Older People

People can biologically age at different rates, so a person aged 70 may be healthier than someone aged 60. Frailty has a bigger impact on a person’s likelihood to require care and support. Due to advances in health care, people in Surrey are living longer than ever and as we get older our health needs tend to get more complex. With long term health conditions comes a need for health and social care.

The good news is that there are lots of things you can do to help keep healthy, to find out more, please visit the Surrey County Council Your Health webpage. You’ll find other useful information under the heading Improving care for older people on the NHS website.

 

Age related hearing loss

A gradual loss of hearing that occurs as people get older is a common condition that impacts many older adults. Action on Hearing Loss provide information and support those with hearing loss, you’ll also find some useful tips below.

 

Tips on how to communicate well with someone who has age related hearing loss

For those of you missing face to face contact with family and friends who also suffer from hearing loss, Lead Audiologist Fay Hopkins-Thorpe, from First Community Health and Care, has helpfully shared a stack of suggestions on how to improve the quality of your telephone and video calls with loved ones.

Speak clearly and a little more slowly

Age related hearing loss generally impacts peoples abilities to hear high frequencies. Consonants are mostly high frequency and consonants give the clarity and meaning to speech.

For example ‘Would you like a biscuit?’ can very easily sound like ‘Would you like a big kiss? Two very different things. When the ears cannot hear properly the brain will try and fill in the missing bits.

Speaking clearly and a little more slowly helps massively. Shouting will cause the speaker to sound distorted and make things much less clear. Unfamiliar accents can be more of a challenge.

Use a video call if possible

Video calling is better as it allows the person with hearing loss to gather information from facial expressions and lip reading.

Communication skills to be mindful of for both telephone and video calls

Always make sure that:

  • You are clear about the topic of the conversation
  • Background noise is kept to a minimum
  • You keep the normal rhythm of speech but slow down very slightly
  • Your face and mouth are not hidden – even on a normal non video call this will cause difficulties
  • If a sentence is not heard or understood, you say it differently rather than repeating the same words
  • You are patient and friendly and take your time
  • You avoid shouting
  • You avoid saying ‘oh it doesn’t matter’ if the other person can’t get what you are saying, remember it was important enough to say it the first time
  • One person at a time is talking rather than people talking over one another
  • You use speaker phone which can be better for non-video calls as it allows both ears and hearing aids to work
  • You hold the phone ever so slightly higher to the ear, if you are the person with impaired hearing, as it is the mic at the top of your ear which is now collecting sound, not the ear.

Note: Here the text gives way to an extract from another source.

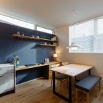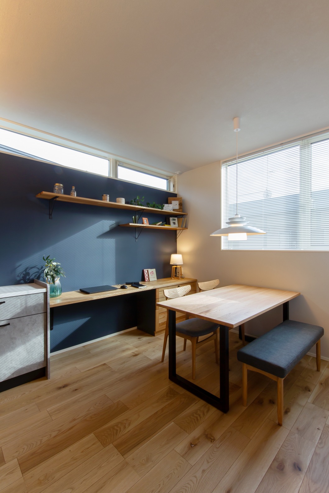 こだわりの素材を使用し、素材感を随所に感じられる空間でおしゃれに住まうことができます。2階リビングの家なのでダイニング、リビングに心地の良い光が入ります。

Specifically for video calls

Always make sure that:

  • There is sufficient light
  • You use facial expression, body language and gestures where appropriate

Questions to ask to help them either use or check their hearing device without appearing patronising?

  • ‘How are you finding your hearing aids with using the phone so much?’
  • ‘Does your hearing aid work ok with this phone?’
  • ‘Are you having any trouble hearing me…… the line has got some static?’

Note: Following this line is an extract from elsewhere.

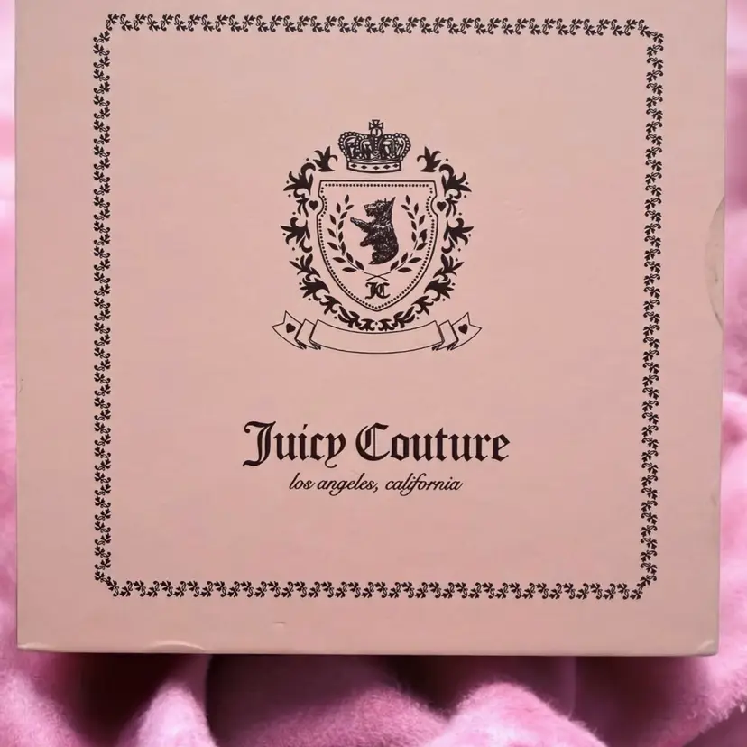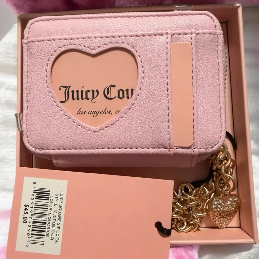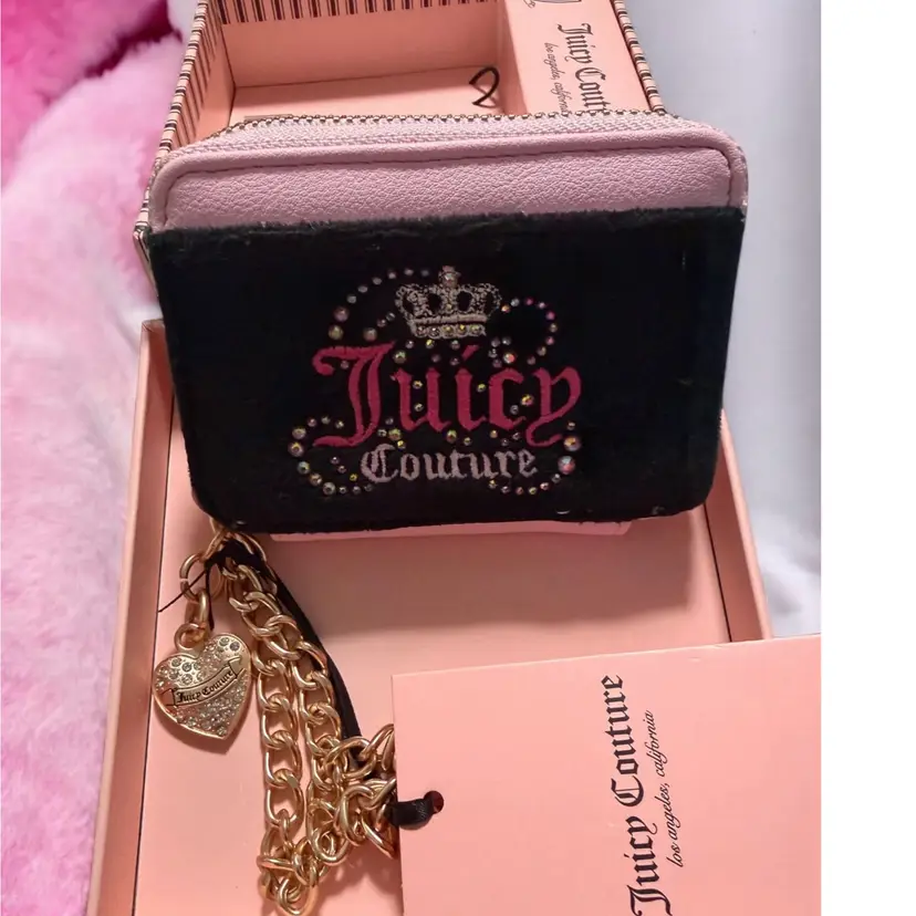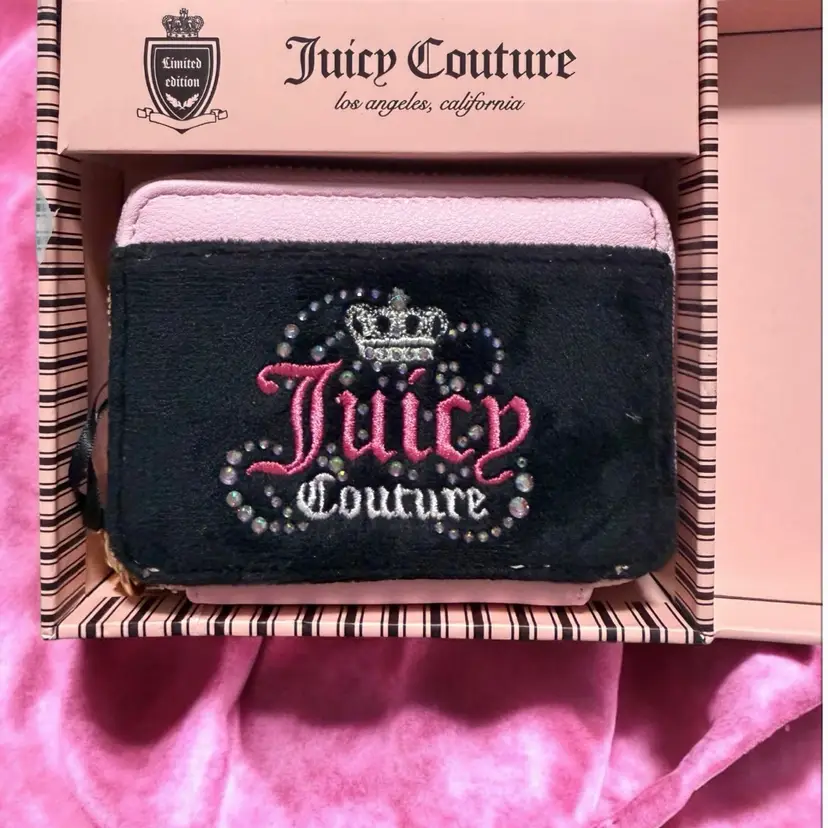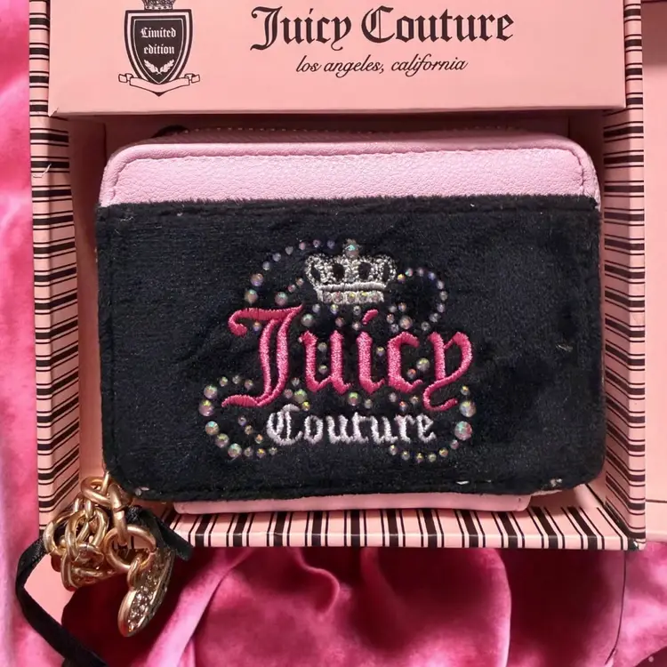Juicy Couture Velour Zip-Around Card Case in black and pink. This limited-edition accessory features a signature black velour front panel with an embroidered "Juicy Couture" logo and a sparkling rhinestone-embellished crown. Product Features

Making the conversation work for the person who has age related hearing loss so that they feel included?

  • Try and avoid talking really quickly.
  • Speak clearly, try not to drop your T’s etc.
  • Don’t put on silly voices or drop your voice volume for dramatic effect.
  • Be really clear the subject of what you are talking about such as ‘Mum, I wanted to ask you about your neighbour Bob at number 59. Does Bob need any supplies’ rather than ‘Mum do I need to get Bob anything’.

How do we improve conversation without making the other person feel self-conscious?

  • You need to be patient.
  • Make sure when you are speaking to people with hearing loss that you have enough time and that you’re not rushing off quickly as that can make the speaker sound rushed, as well as the listener.
  • Avoid anything that stresses the listener as it will mean they do not hear as well because their brain is busy feeling stressed, rather than listening.

How can we bring an element of fun into the conversation?

  • Completing cross words together can be good fun.
  • Agreeing to watch the same program to discuss the next night
  • Start a book club with them but also plan what they will do when all this is over. Hope and something to look forward to are always powerful motivators.
  • Hearing is an active process and as such needs the brain to be focused and not distracted. Stress, anxiety, worry, ill health, these will all cause people to not hear as well. This does not mean their hearing is changing in most cases, just that they are feeling out of sorts. Relaxation techniques, distractions such as bird watching from the window can be really useful.